Она не всегда была одинока. Когда-то у нее была собака. Собака была ее другом и разделяла ее Дар. Но собаки не живут вечно, срок их короче человеческого, и в один очень печальный день женщина осталась одна. С той поры она жила в одиночестве. Точнее, так ей казалось.
Однажды рано утром, выбираясь из постели, она поскользнулась и упала. А когда попыталась встать, не смогла, потому что сломала ногу высоко, в бедре. Она позвала на помощь, но никто не услышал. Весь день, и всю ночь, и весь следующий день она лежала на полу. Она почти потеряла сознание от голода, а от жажды – голос. Разум ее начал затуманиваться, и мерещилось ей, что она бегает по улицам города, как когда-то бегала ее собака. И в этом сне, в облике собаки, она встретила молодого человека и сказала ему: «Моей хозяйке нужна твоя помощь. Следуй за мной, умоляю».
Старушка очнулась оттого, что кто-то поднес к ее губам чашку с холодной водой. «Мне приснилась собака, и она привела меня сюда», – сказал молодой человек. Он спас женщине жизнь, и с той поры они сделались друзьями. Выздоравливала она медленно и ходила только с палочкой, прихрамывая.
«Сказания Древней Крови» Баджерлока
Удостоверившись, что отец ушел и не вернется, я выскользнула из постели, взяла мамину ароматную свечу из запаса в прикроватной тумбочке и зажгла ее от огня в камине. Вставила в подсвечник и пристроила на полу, чтобы достать из сундука с зимней одеждой теплый шерстяной халат. Мне не нравился большой сундук для хранения вещей.
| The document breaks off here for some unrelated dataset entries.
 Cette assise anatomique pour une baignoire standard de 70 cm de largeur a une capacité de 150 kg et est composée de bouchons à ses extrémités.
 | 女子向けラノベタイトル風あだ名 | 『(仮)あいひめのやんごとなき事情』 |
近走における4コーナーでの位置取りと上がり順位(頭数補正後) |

Крышка у него была красивая, резная, с птицами и цветами, но тяжелая. Мне не хватало роста, чтобы поднять ее до конца, так что приходилось держать крышку одной рукой, а другой копаться в глубинах сундука. К счастью, халат лежал неглубоко, и я легко нащупала его колючую шерсть. Я выудила его из сундука и отпрыгнула, позволив крышке упасть с грохотом. Завтра, решила я, попрошу отца, чтобы закрепил ее в открытом положении, – мне нужно будет переложить теплые вещи в маленький сундук, который он для меня сделал. Ночная буря, безусловно, означала, что приближается зима. Пришла пора для перемен.
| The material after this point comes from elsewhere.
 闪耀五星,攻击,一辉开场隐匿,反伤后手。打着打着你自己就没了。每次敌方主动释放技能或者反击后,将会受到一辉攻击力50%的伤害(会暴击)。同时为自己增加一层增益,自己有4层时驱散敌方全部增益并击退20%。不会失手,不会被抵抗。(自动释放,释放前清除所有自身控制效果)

Я надела халат поверх ночной рубашки, потом разыскала теплые носки. Обуваться не стала. Домашние тапочки были слишком тесными для толстых шерстяных носков, а старые ботинки – слишком тяжелыми для того, что я задумала. Взяв подсвечник, я выглянула в коридор. Там было тихо. Я выскользнула наружу, и дверь тихонько закрылась у меня за спиной. Наконец-то я смогу изучить потайные ходы в свое удовольствие, так тщательно, как только пожелаю. С той самой минуты, когда я их увидела, мне ничего другого на ум и не шло. Я хотела вернуться туда сразу, как только мы пришли из овечьих загонов, но нужно было поесть, а потом отец держал меня при себе, поскольку тревожился и расстраивался из-за того, что ему придется оставить меня одну на ночь. Вот глупыш… Разве я не была одна каждую ночь, когда он сидел в своем кабинете или спал в своей постели? Какая разница, что на этот раз он далеко от дома?
Горка углей в камине в кабинете моего отца едва тлела. Я подбросила полено, чтобы стало светлее и теплее. Взяла две высокие свечи из ящика его стола. Потом аккуратно проделала все то, что раньше делал он: убедилась, что шторы задернуты, заперла двери в кабинет на засов и взялась за тайный рычажок на фальшивой дверной петле. Когда открылась узкая дверь, дом как будто вздохнул и мне в лицо повеяло старыми тайнами. Я почувствовала, как они наполняют меня. С подсвечником в руке я вошла в узкий коридор.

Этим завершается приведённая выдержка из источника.